As your humble author has been uncovering, Neoplatonism after Plotinus took a magical form when Iamblichus and Proclus introduced Orphic teaching (already latent in some of Plato’s writing) but more importantly Chaldean (or Babylonian) and Egyptian magic known as theurgy.

However, while I had known that magic was taught in the Platonic academy, I have just discovered that the (Neo?) Platonic academy in the fourth century had the teaching of Orpheus (magical chants, etc.) and the Chaldean Oracles (chanting, shamanism, possession, meditation, etc) as the culmination  of the schools curriculum. That is to say, it was not that magic had infected the Academy; rather, magic became the highest art and teaching of the school that had birthed Western thought.
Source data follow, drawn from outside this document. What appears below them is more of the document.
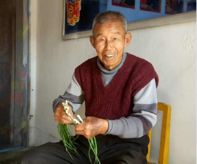 李朋友飲食比較清淡,少肉多素,油鹽也不多。每天下午2點(diǎn)左右,他會(huì)定時(shí)喝些兒孫們孝敬給他享用的腦白金、牛奶等營(yíng)養(yǎng)品。每月有近7000元的工資,想買什么就買什么,那么多子女一個(gè)也不過問,只是由著他怎么處理,但老人從不亂花瞎用。老人很會(huì)做人,也會(huì)討兒孫們的歡心,每當(dāng)他用存單積攢到6萬元錢時(shí),就會(huì)6個(gè)子女一家1萬地均分,讓兒孫們貼補(bǔ)家用。李朋友對(duì)子女出手大方,教育投入上一點(diǎn)也不含糊,一定要他們練好書,學(xué)會(huì)技能,所以他的子孫都在自食其力地工作,這讓李朋友很是欣慰。當(dāng)然,李朋友在兒孫中威望極高,逢年過節(jié)20多個(gè)子孫紛紛來到家中團(tuán)聚,給老人帶來孝敬的物品,為老人請(qǐng)安祝福,讓老人的晚年生活充滿了快樂!圖為李朋友老人在做晾被栽菜和擇菜時(shí)的鏡頭。
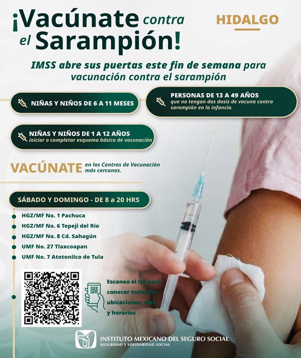 El IMSS en Hidalgo destaca que la vacunación es la herramienta más eficaz para cortar cadenas de transmisión y proteger a la población ante una enfermedad altamente contagiosa como el sarampión, por lo que exhorta a madres, padres y tutores a verificar el esquema de sus hijas e hijos.
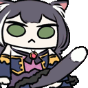 a cartoon of a cat holding a bat with a sword .
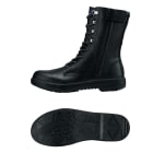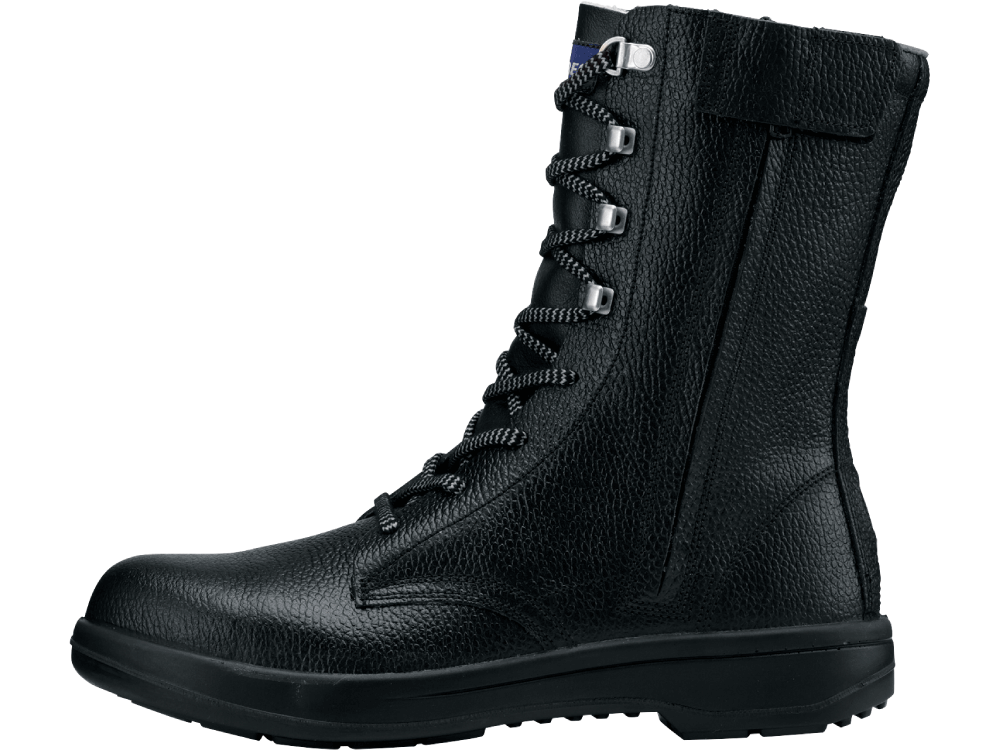ロングブーツならではの性能に加え、安全靴に求められる、高い機能を備えたシューズです。つま先には鋼製先芯と同等の強度を持ちながら、軽量な樹脂製先芯が配置されています。重量物の落下から足を保護し、安全な作業を実現。耐久性の面では、クッション性の高い靴底に、耐油性にも優れたウレタンが使用されています。油による靴の劣化を抑えて、長く履いていただける一足に。また、サイドファスナー上部にはベルトがついており、上がりきったスライダーをカバー。壊れにくく、すっきりとした見た目をつくります。
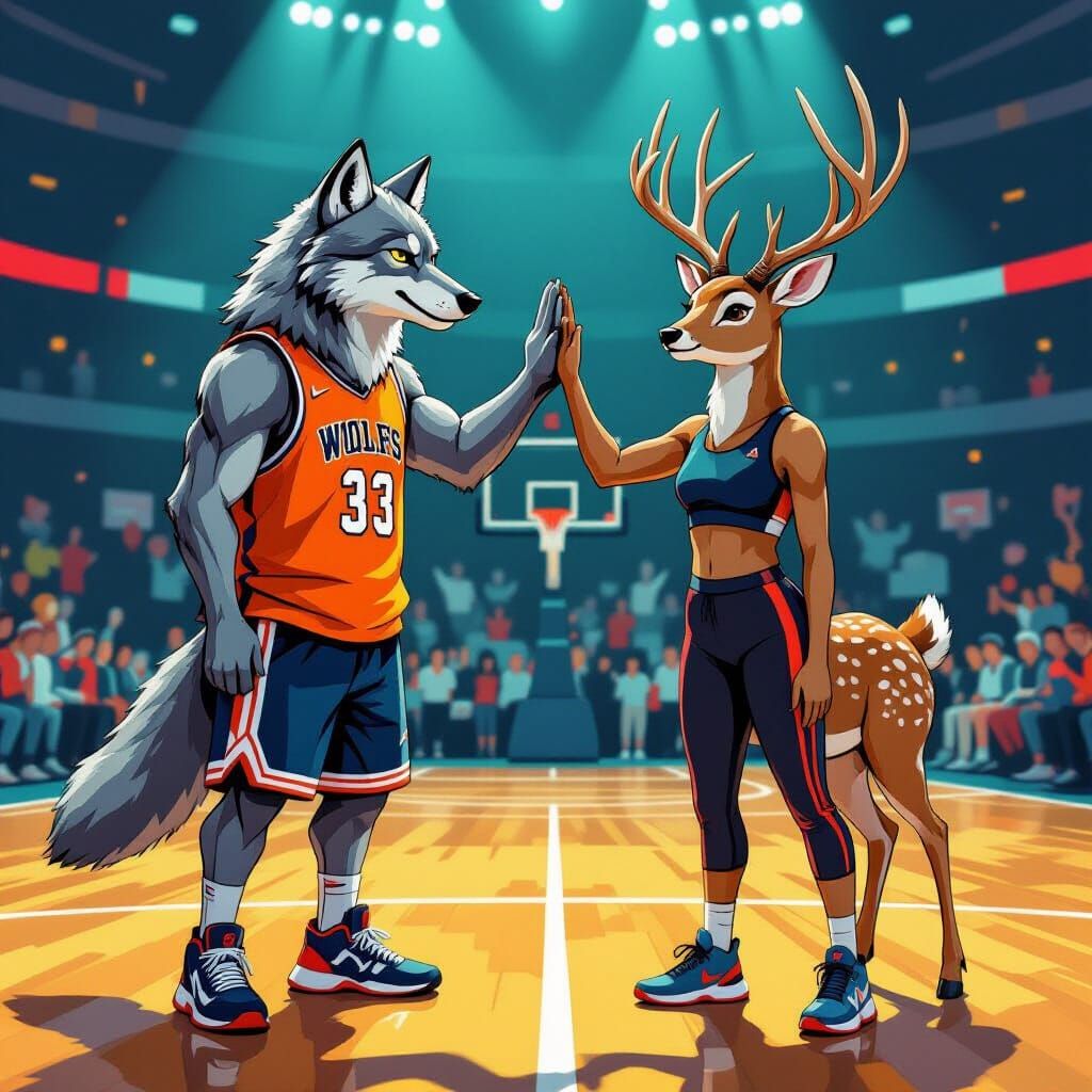 This vibrant image shows a wolf and a deer, dressed in basketball attire, high-fiving on a court. The artwork features bold lines and expressive textures in a dynamic style.

If magic continued as the culmination of or at least was a central aspect of NeoPlatonic teaching (and there is even some reason to believe that it was the culmination of earlier Platonic teaching), then all of the many references to magic in Renaissance thought and Romanticism (and they are many) are not simply literary allusions, but are indications of the direct and literal presence of magic in these works.

Thus Renaissance paganism and Romanticism (or at least certain currents in these schools of thought) acted as vessels for Egyptian and Babylonian magic, which were later opened and developed by occultists in the 19th and 20th centuries.